The Federal Trade Commission within the US has put out advisory notes aimed toward corporations stretching the definition of AI.

“Does the product actually use AI at all? If you think you can get away with baseless claims that your product is AI-enabled, think again,” a observe from the FTC printed in February final yr says.

Yet in that very same observe, the FTC accepts that AI is “an ambiguous term with many possible definitions”.

That’s clearly an issue for shoppers – but it surely’s additionally an issue for journalists. For years now I’ve coated corporations that declare to be utilizing AI of their merchandise. Often they supply no proof to again this assertion up – typically saying the know-how is proprietary.

It’s very laborious then to know what the engine seems like when you’ll be able to’t look underneath the bonnet.

Some corporations are already conscious that the usage of the time period AI has turn into counter-productive. One product that has had rave evaluations this yr at CES is named R1, made by Rabbit. The telephone like gadget makes use of a type of generative AI – and permits customers to bypass apps, and easily ask for issues to be executed. Like reserving a flight or taxi.

R1 by Rabbit

Rabbit

But in Rabbit’s pitch, AI is barely talked about. Instead the corporate talks about basis fashions, and even a brand new time period: Large Action Models.
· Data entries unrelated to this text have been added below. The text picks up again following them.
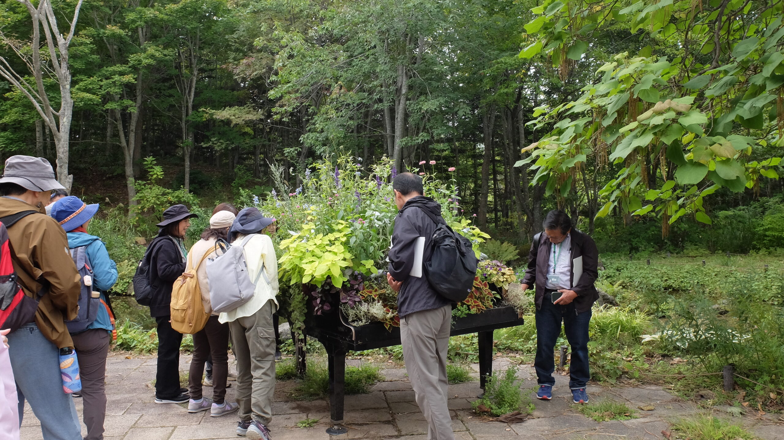 「花人の隠れ家」には本物のグランドピアノを土台にした花壇があり、その仕組みにみなさん興味津々でした。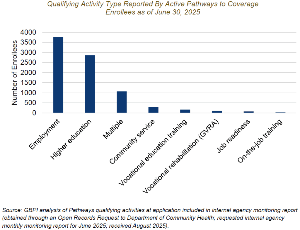 Among the over 8,000 Georgians who were eligible for the Pathways to Coverage program as of the end of June 2025, most qualified under employment (including self-employment) or enrollment in higher education. An additional 13% reported multiple qualifying activities, most of which were a combination of employment and higher education. About 5% qualified under a work program and 4% under community service.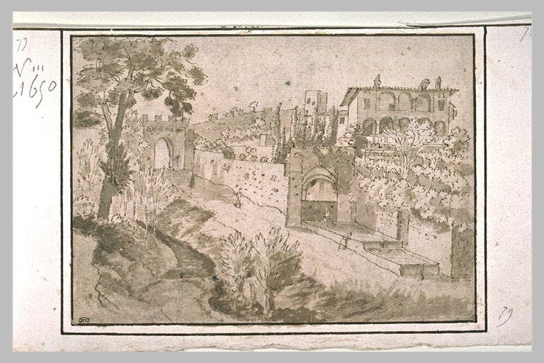 POP | Plateforme ouverte du patrimoineMurailles d'un cité, avec un bâtiment parmi les arbres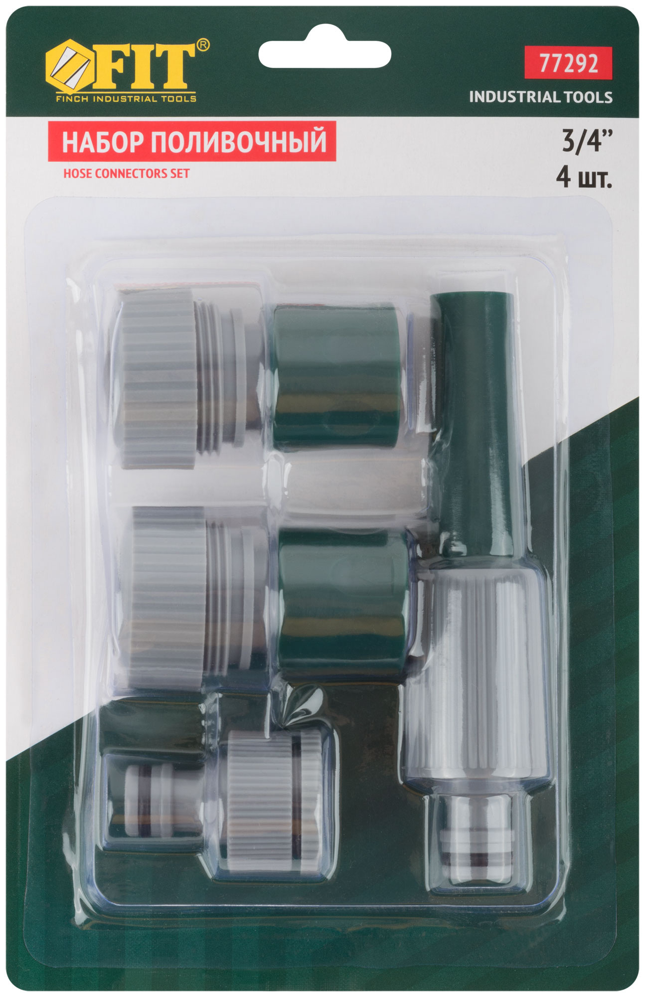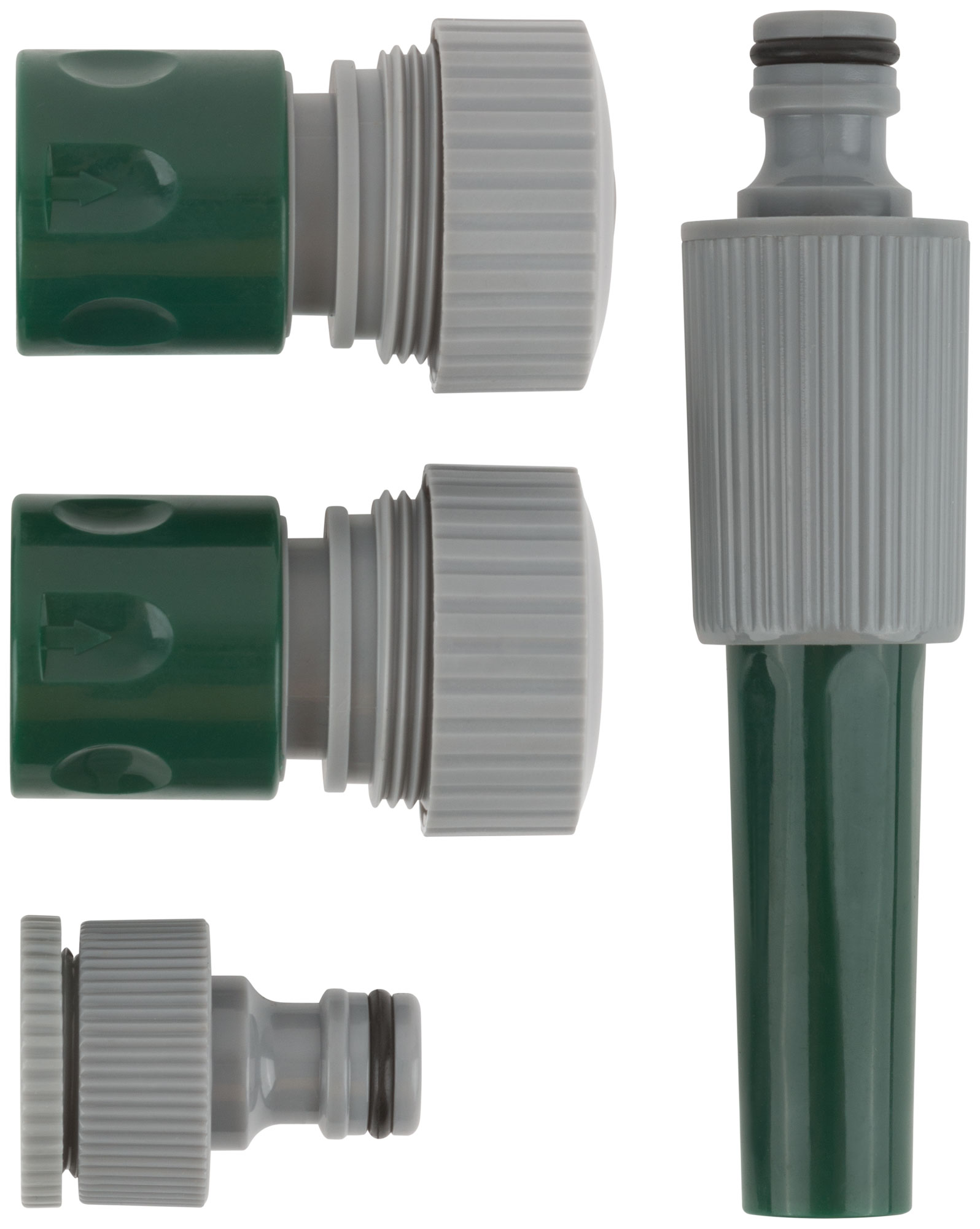Набор поливочный 4 шт. (насадка для полива, соединитель, соединитель с автостопом, адаптер внешний). Материал: ABS пластик.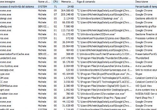 La schermata in figura è sostanzialmente simile in Windows 7 e Windows 8.1 ed è accessibile cliccando sulla scheda Processi dopo aver premuto CTRL+MAIUSC+ESC.

Back at Samsung, I come throughout a product that clearly does use generative AI: A fridge that analyses the meals in it and might recommend recipes. At final one thing that seems to be fairly clearly AI.

But then I’m hit with one other query. Do I want my fridge to present me recipes? I’ve by no means felt pissed off concerning the lack of culinary recommendation given to me by my fridge.

So for now, I’m going to stay to my non-AI succesful pillow, my non-AI succesful washer and my non-AI vacuum cleaner. And, I believe, the probabilities are you’ll too.